# SanMerah Discus Babies!!!!



## MELLO (Apr 21, 2010)

Just want to share some pics of my San Merah pair with fires. There's atleast 30 fries They are 17 days old now. Very good parents haven't lost any fries as of now. Its there first successful spawn after twice spawning in the community tank. Enjoy!
Laid eggs on the heater didn't have any cones at that time.








Parents move the wrigglers to the Sponge filter.

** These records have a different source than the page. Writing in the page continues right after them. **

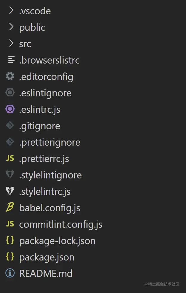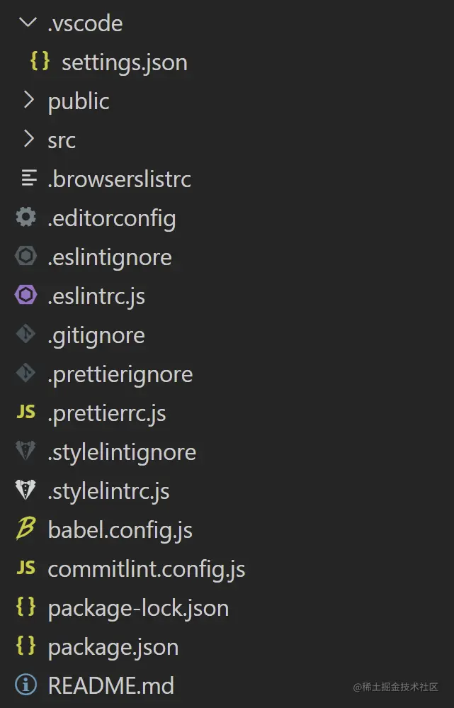 在介绍完Husky,Commitlint和Lint-staged之后,接下来,我们就可以将这几个工具结合起来,打造完整的Git检查工作流。下面给出了一份示例代码,其中,该项目采用了Vue-cli进行构建,下面是该项目对应的package.json文件。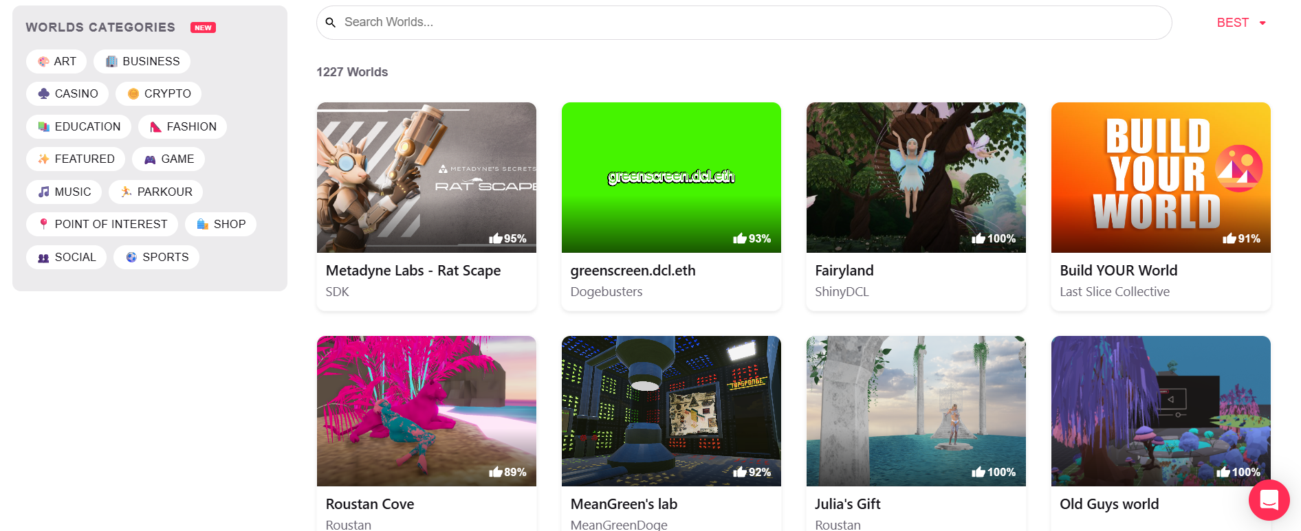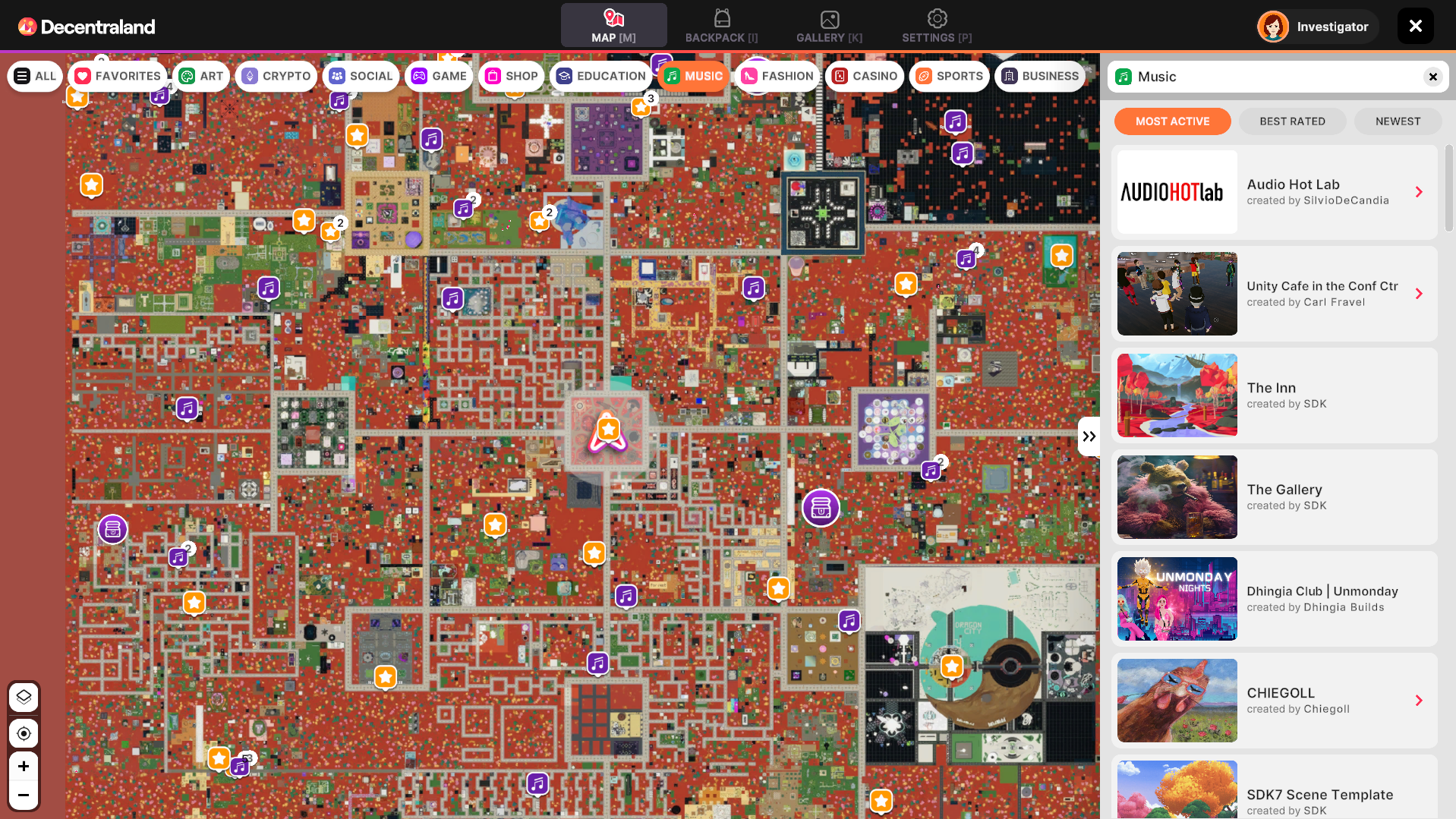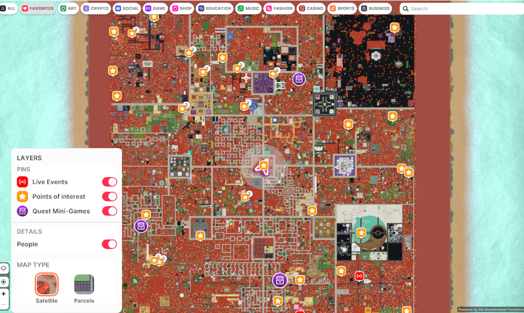 Discoverer interesting locations in Decentraland based on categories. When you open the map, you’ll see a variety of Category bubbles along the top of the screen, including topics like Art, Music, Games, etc.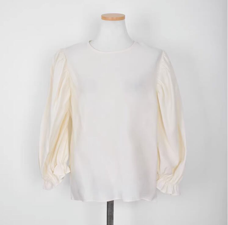 春秋カジュアルシャツ ボリューム袖トップス レディース シャツ カットソー プルオーバー 長袖 ボリューム袖 パフスリーブ Uネック ラウンドネック ストレート Iライン シフォン フリル コンサバ かわいい 大人可愛い きれいめ シンプル カジュアル 上品 おしゃれ こなれ感 ラフ ガーリー エレガント モダン 主役級 存在感 抜け感 ラブリー キュート プリンセス 都会的 クラシカル 無地 春 秋 授業参観 会議 ミーティング プレゼン ママ オフィス ビジネス OL 通勤 学生 デート お出かけ
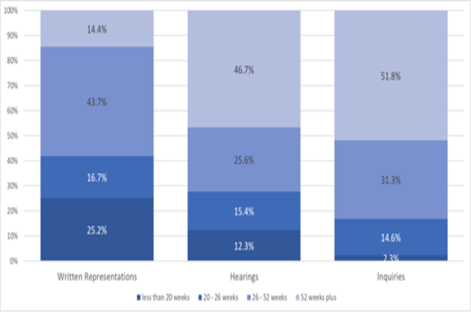 It also shows that a greater proportion of cases decided by written representations are decided within 20 weeks (25%) than those decided by Hearings (12%) or Inquiries (3%).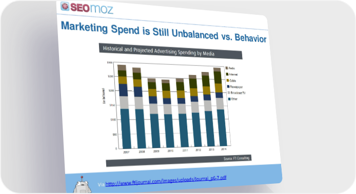 Via http://www.ftijournal.com/images/uploads/Journal _p6-7 .pdf Marketing Spend is Still Unbalanced vs. Behavior SEOmoz Page 11 Page 13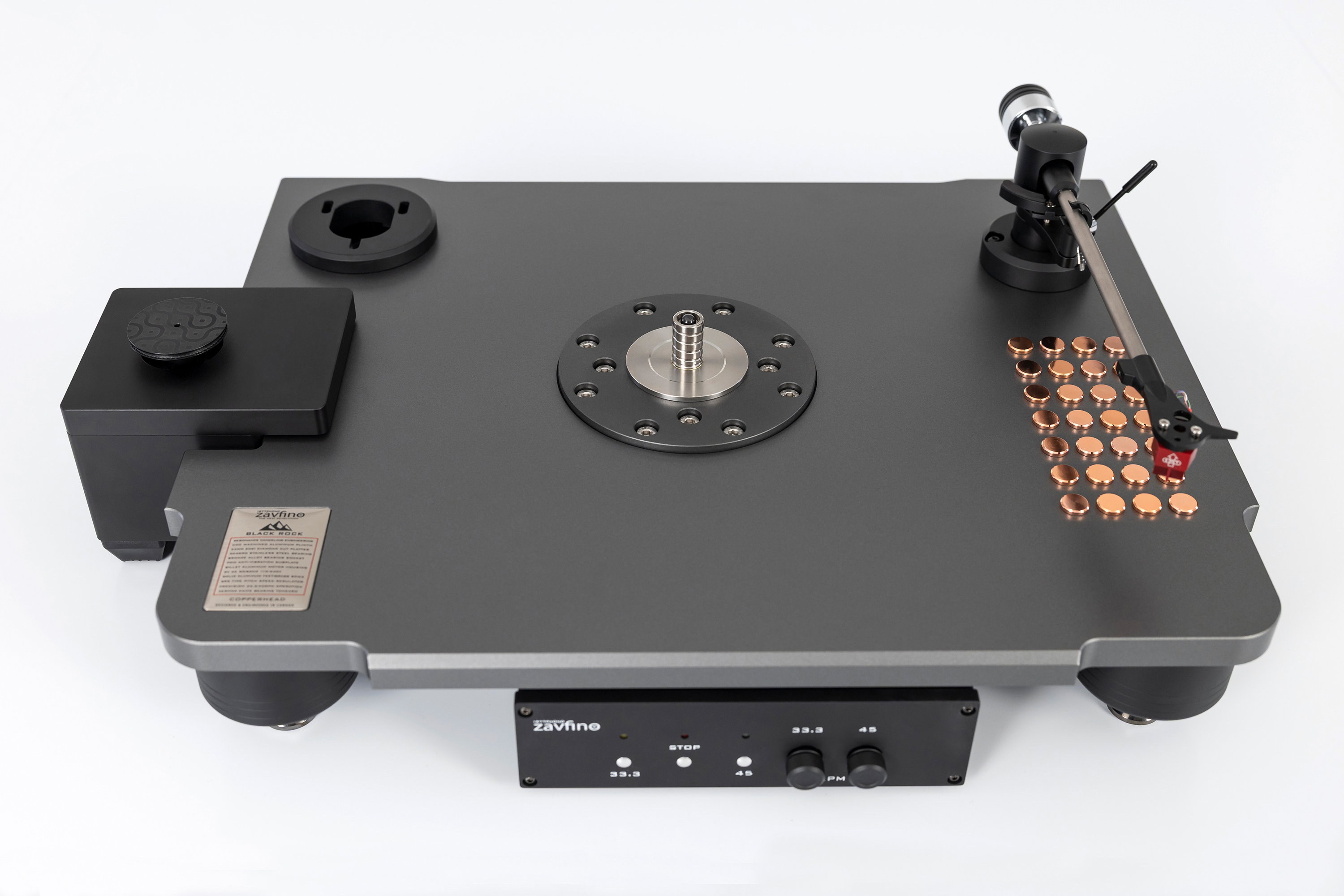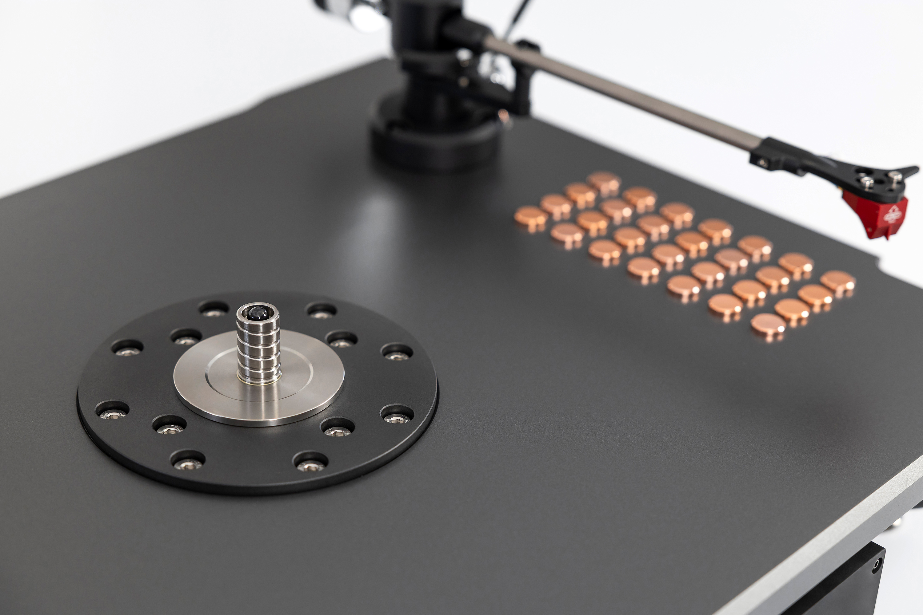 Die Basis des Plattenspielers besteht aus einer 16 mm starken Aluminiumplatte mit abgerundeten Kanten und mattschwarzer Eloxierung. Eingelassene Kupferelemente – insgesamt 28 Stück – sorgen für eine gezielte Resonanzdämpfung. Eine elegante Kupferplakette mit Modellbezeichnung ziert die Front. Optional lässt sich ein zweiter Tonarm bis zu einer Länge von 10,5 Zoll integrieren. Drei höhenverstellbare Spikes gewährleisten einen sicheren Stand und eine wirksame Entkopplung vom Untergrund.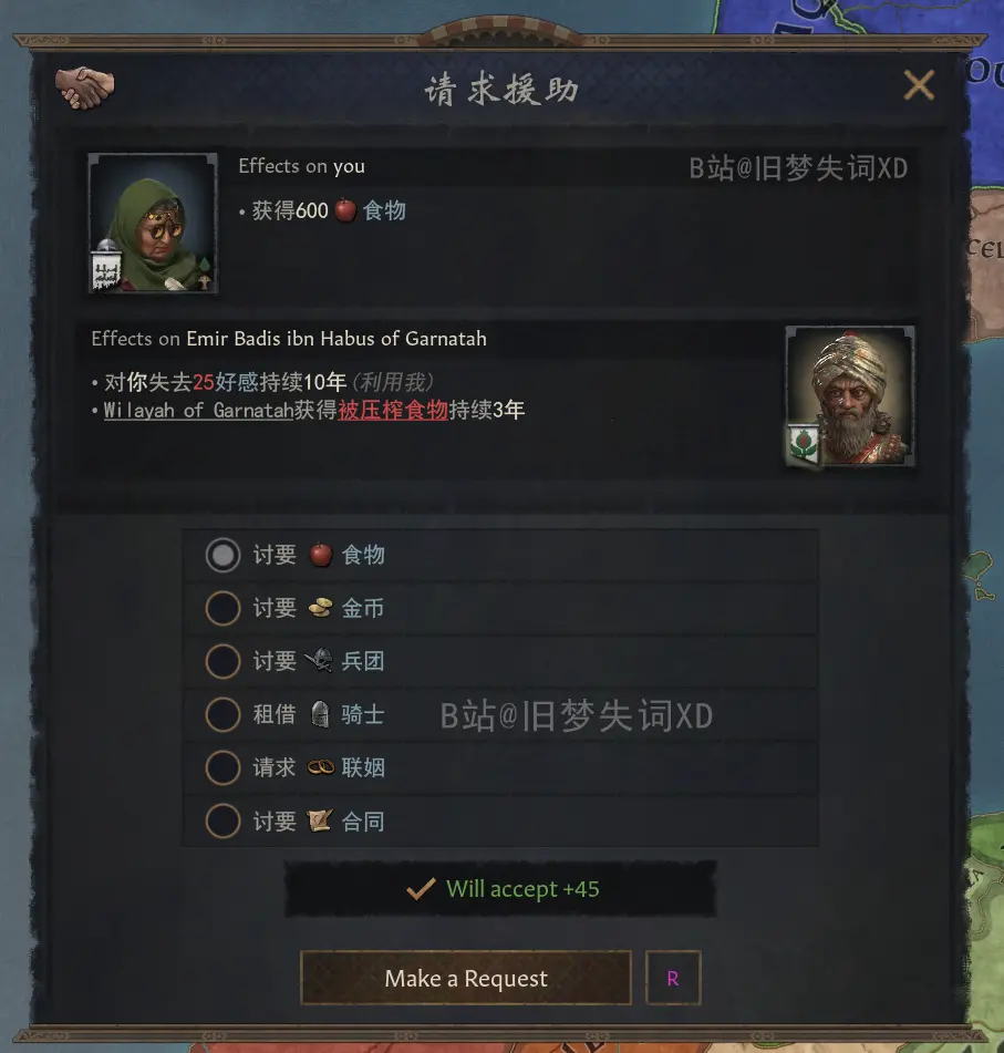 除了食物、金币、兵团、借用几个月的将领等援助,请求联姻选项是冒险者唯一一个可以与领主请求联姻的机制。

Starting to stick with mom for food.
















10 DAYS








15 Days


----------



## fantasy (May 3, 2010)

nice discus,


----------



## onefishtwofish (Apr 21, 2010)

congratz...what good parents


----------



## Claudia (Apr 21, 2010)

aawww thats soo cute, congratz


----------



## athena (Apr 22, 2010)

congrats! 

the parents are gorgeous!


----------



## MELLO (Apr 21, 2010)

thanks guys!!! I'll keep updating you guys with pics!


----------



## jag (Aug 13, 2010)

nice babies


----------



## clintgv (May 6, 2010)

Congrats . Babies are so cute ^^


----------



## bigfry (Apr 21, 2010)

Congrats! beautiful fish.


----------



## Chappy (Apr 21, 2010)

Mello - your discus are telling you not to switch to saltwater  I'd be keeping an eye on those blue knights if I were you 
Congrats; that's pretty awesome.
Shelley


----------



## target (Apr 21, 2010)

They are very cool to see in person as well. And the blue knights are amazing.


----------



## pieces71 (Apr 21, 2010)

congrats...2nd thought of shifting to salt?you have a lot of babies to take care now


----------



## MELLO (Apr 21, 2010)

Salt is still in the picture.. I'll just have both to take care of now.. lol


----------



## April (Apr 21, 2010)

looking good..get a grow out tank ready..they dont need to be with the parents anymore..but they can..if you leave them too long..they start taking hunks off their bodies. 
but then..if you move them..guess what hte parents will be up to right away again. 
this time you should get a bigger batch.


----------



## AWW (Apr 22, 2010)

nicley done! good luck on the growout


----------



## tang daddy (Apr 21, 2010)

what's this I hear about salt>?

Good job on the fry's, what are they eating now? Live food...


----------



## catgoldfish (Apr 21, 2010)

Way to go Mello! Weren't you trying to sell this pair before? Nice fish.


----------



## MELLO (Apr 21, 2010)

Was trying to but change my mind... Eating live bbs


----------



## zooolara (May 22, 2010)

Very good ,any update pics.


----------